WHAT YOU NEED TO DO >>
Everything in the listing below has to be repeated exactly, except the pictures.

DATA SHOWN >>
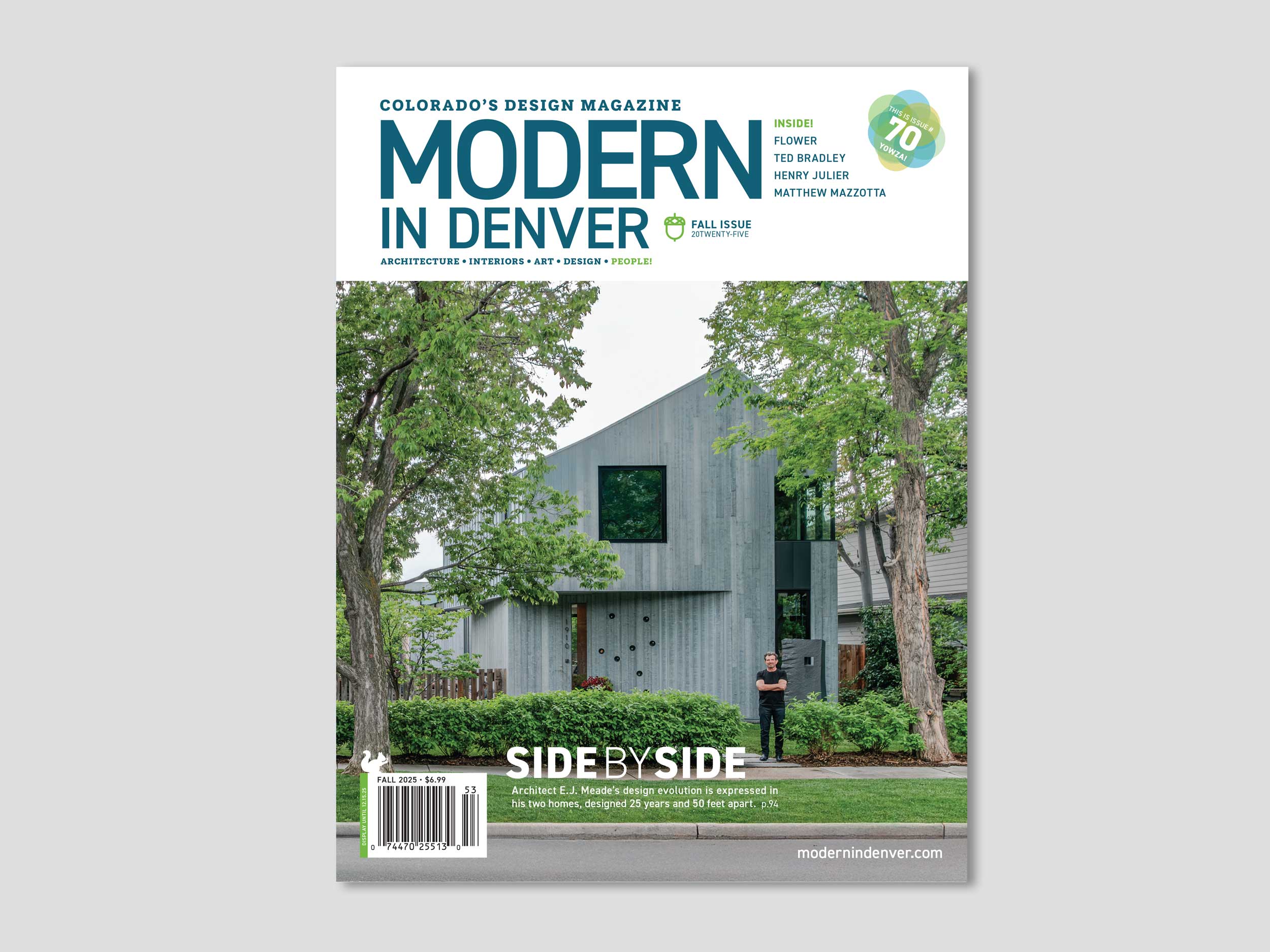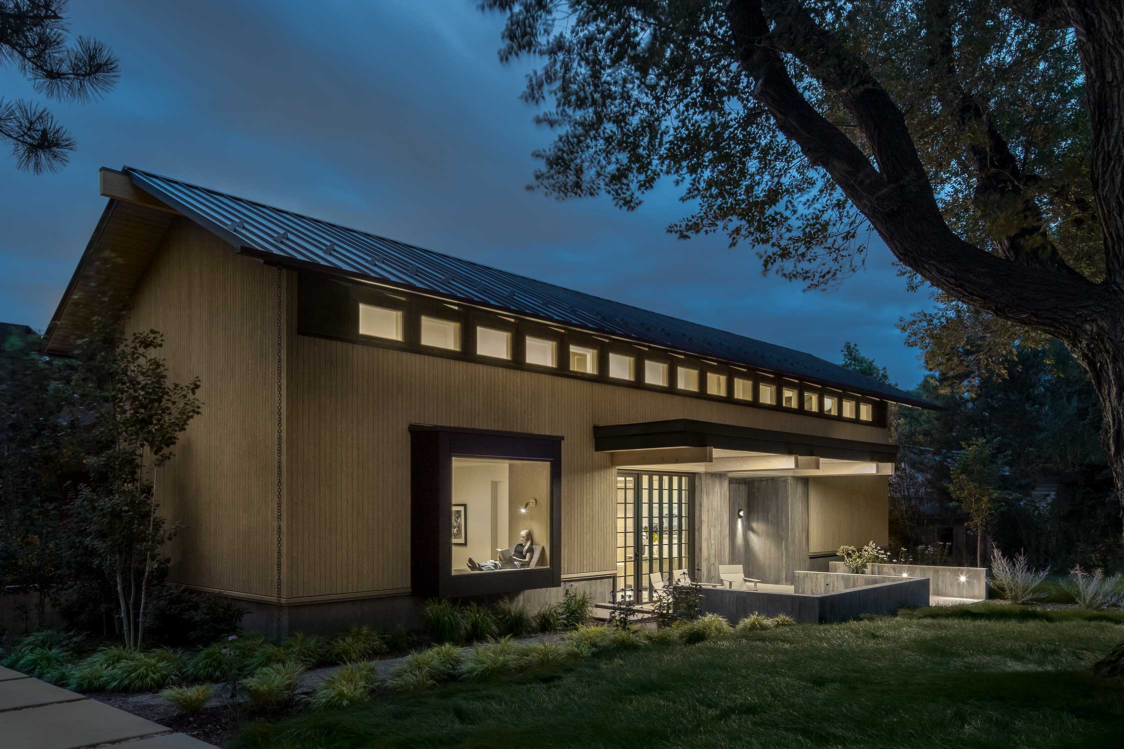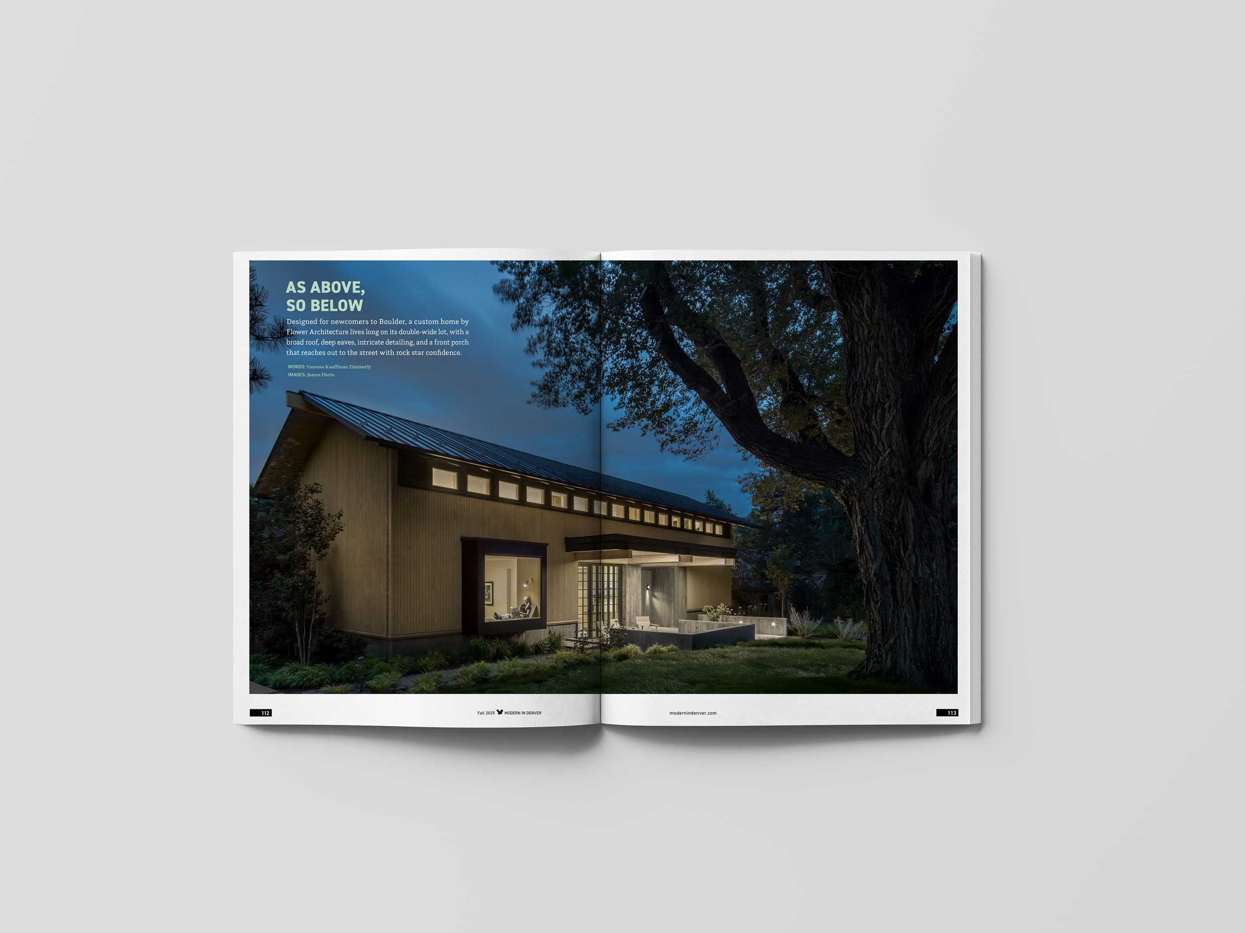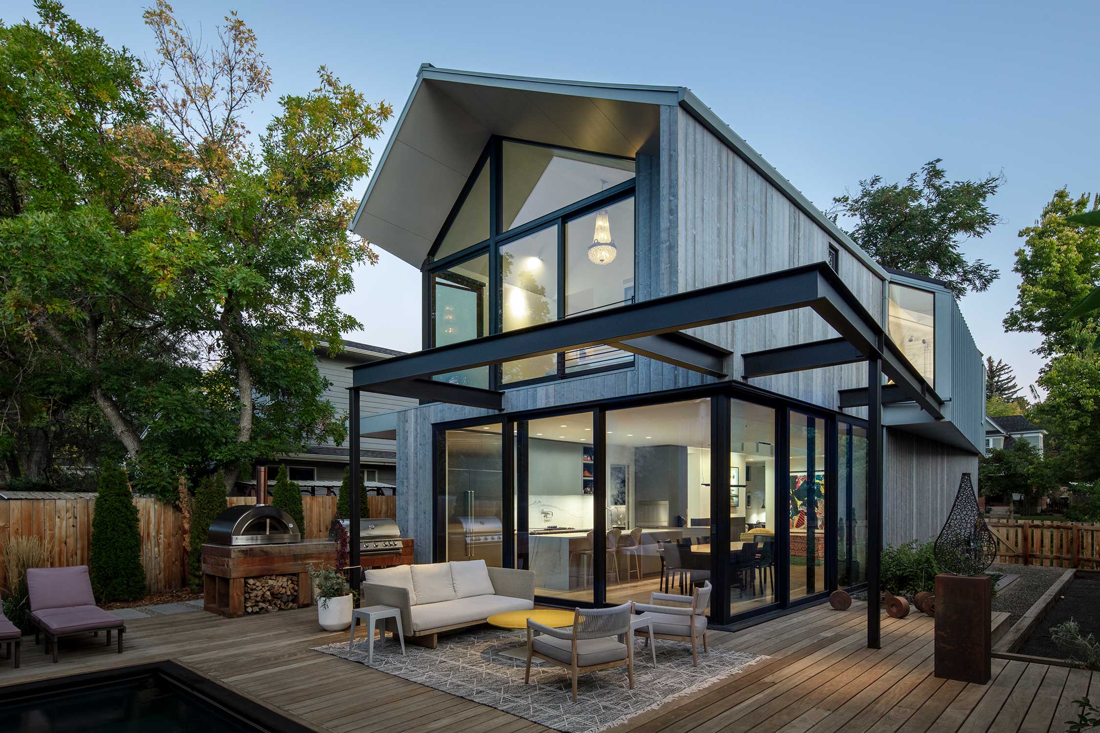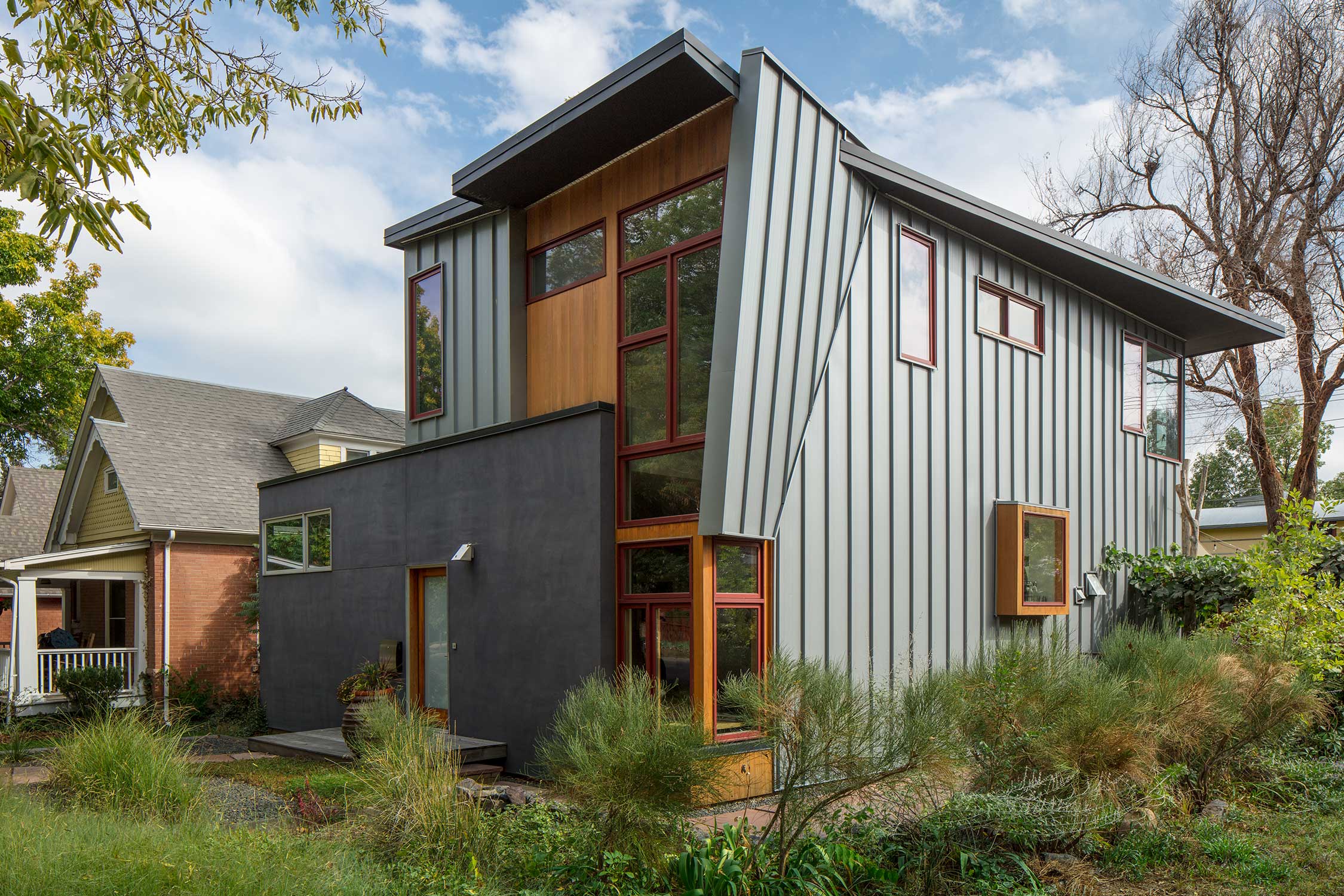 Designed for newcomers to Boulder, a custom home by Flower Architecture lives long on its double-wide lot, with a broad roof, deep eaves, intricate detailing, and a front porch that reaches out to the street with rock star confidence.
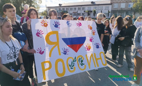 В Артемовском во вторник на площади Советов собралось много народа. Здесь были все от мала до велика: школьники и студенты колледжей, воспитанники спортивных секций, юнармейцы, представители общественных организаций, предприятий, казаки и ветераны разного рода войск. Артемовцы приходили целыми семьями. Всех объединил российский триколор.
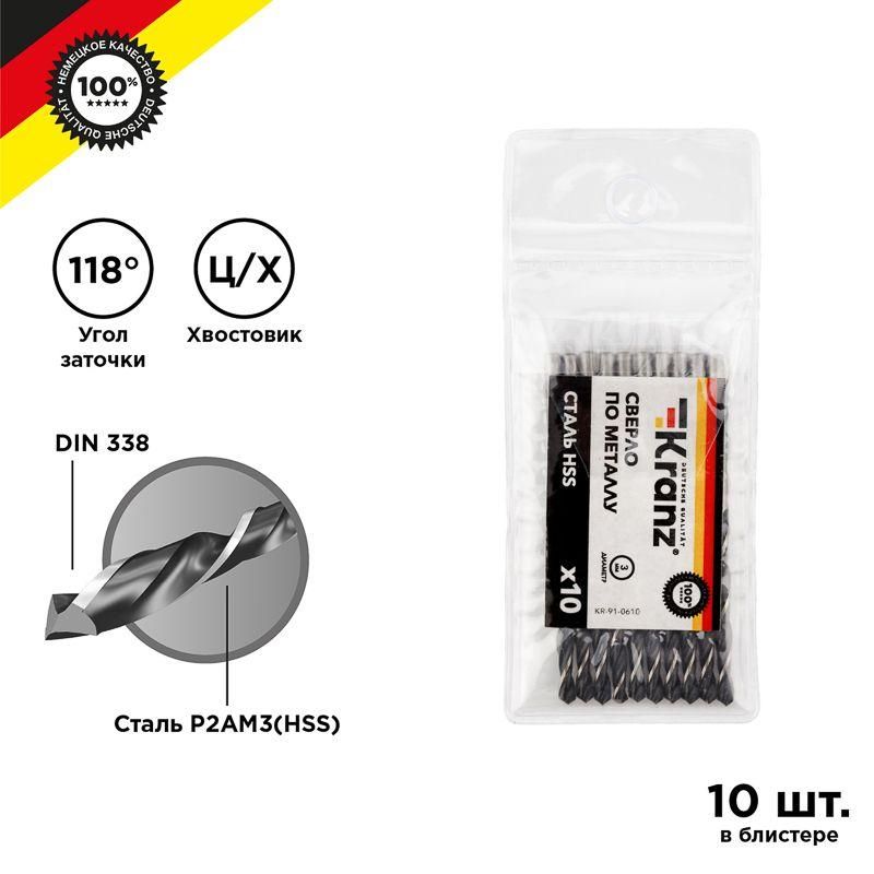 Сверло по металлу 3.0мм HSS DIN 338 (уп.10шт) Kranz KR-91-0610

OUTPUT OF THE EXERCISE >>
 Designed for newcomers to Boulder, a custom home by Flower Architecture lives long on its double-wide lot, with a broad roof, deep eaves, intricate detailing, and a front porch that reaches out to the street with rock star confidence.
 В Артемовском во вторник на площади Советов собралось много народа. Здесь были все от мала до велика: школьники и студенты колледжей, воспитанники спортивных секций, юнармейцы, представители общественных организаций, предприятий, казаки и ветераны разного рода войск. Артемовцы приходили целыми семьями. Всех объединил российский триколор.
 Сверло по металлу 3.0мм HSS DIN 338 (уп.10шт) Kranz KR-91-0610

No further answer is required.